You can't sell the green house, otherwise it's illegal, and you can't expect legal protection at all, so it's definitely impossible for you to apply for a long-term residence endorsement or settlement with this green house. This is similar to the situation that public property in Taiwan Province Province was occupied by private individuals in the 1950s and the procedures were incomplete.

Car loan refers to the loan issued by the lender to the borrower who applies for buying a car. The actual interest rate of car loan is set by the handling bank according to the actual situation of customers and with reference to the benchmark interest rate stipulated by the central bank. There are three types of car loans: direct, indirect and credit card. The term of car loan is generally 1-3 years, and the longest is no more than 5 years.

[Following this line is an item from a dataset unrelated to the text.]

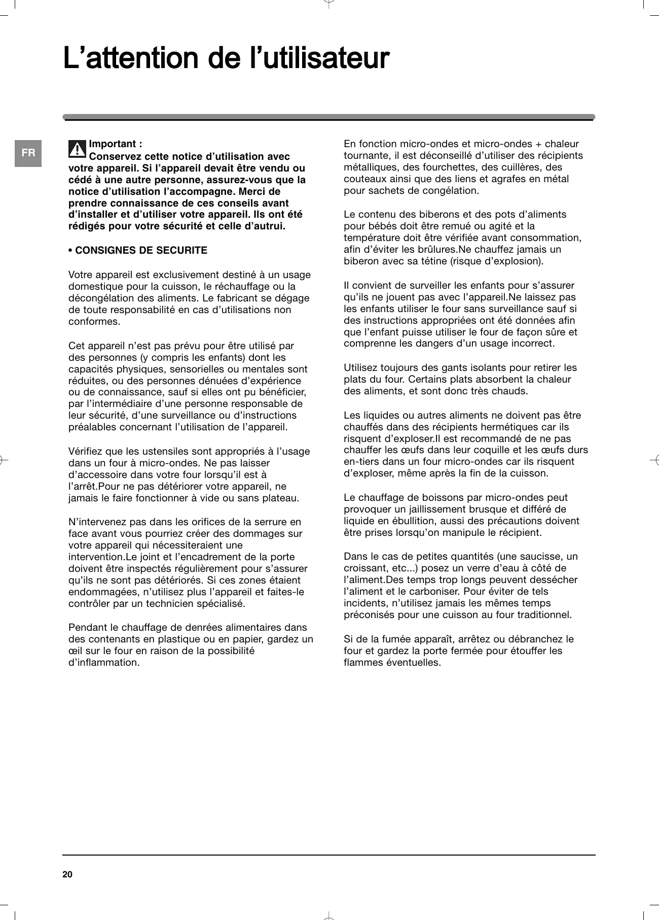 En fonction micro-ondes et micro-ondes + chaleur tournante, il est déconseillé d’utiliser des récipients métalliques, des fourchettes, des cuillères, des couteaux ainsi que des liens et agrafes en métal pour sachets de congélation. Le contenu des biberons et des pots d’aliments pour bébés doit être remué ou agité et la température doit être vérifiée avant consommation, afin d’éviter les brûlures.Ne chauffez jamais un biberon avec sa tétine (risque d’explosion). Il convient de surveiller les enfants pour s’assurer qu’ils ne jouent pas avec l’appareil.Ne laissez pas les enfants utiliser le four sans surveillance sauf si des instructions appropriées ont été données afin que l’enfant puisse utiliser le four de façon sûre et comprenne les dangers d’un usage incorrect. Utilisez toujours des gants isolants pour retirer les plats du four. Certains plats absorbent la chaleur des aliments, et sont donc très chauds. Les liquides ou autres aliments ne doivent pas être chauffés dans des récipients hermétiques car ils risquent d’exploser.Il est recommandé de ne pas chauffer les œufs dans leur coquille et les œufs durs en-tiers dans un four micro-ondes car ils risquent d’exploser, même après la fin de la cuisson. Le chauffage de boissons par micro-ondes peut provoquer un jaillissement brusque et différé de liquide en ébullition, aussi des précautions doivent être prises lorsqu’on manipule le récipient. Dans le cas de petites quantités (une saucisse, un croissant, etc...) posez un verre d’eau à côté de l’aliment.Des temps trop longs peuvent dessécher l’aliment et le carboniser. Pour éviter de tels incidents, n’utilisez jamais les mêmes temps préconisés pour une cuisson au four traditionnel. Si de la fumée apparaît, arrêtez ou débranchez le four et gardez la porte fermée pour étouffer les flammes éventuelles. L’attention de l’utilisateur

Personal loan car purchase business is divided into direct customers, indirect customers and credit card car loans. The direct customer type is generally a bank car loan for customers to meet directly, and the indirect customer type is generally a car loan from an auto finance company to a customer car loan.

The fees charged by banks for direct car loans include deposit, principal and interest, and 3% guarantee fee. And the bank's premium customer fees will be discounted, but the preferential policies of each bank are different.

In addition to the above fees, personal auto financing companies also need to bear supervision fees, fleet management fees and warranty renewal deposits.

And credit cards, car loans. Credit card installment car loan only provides installment payment for bank credit card users, not all conditions can be handled, and there is an audit procedure, which is difficult for credit card users with bad credit records.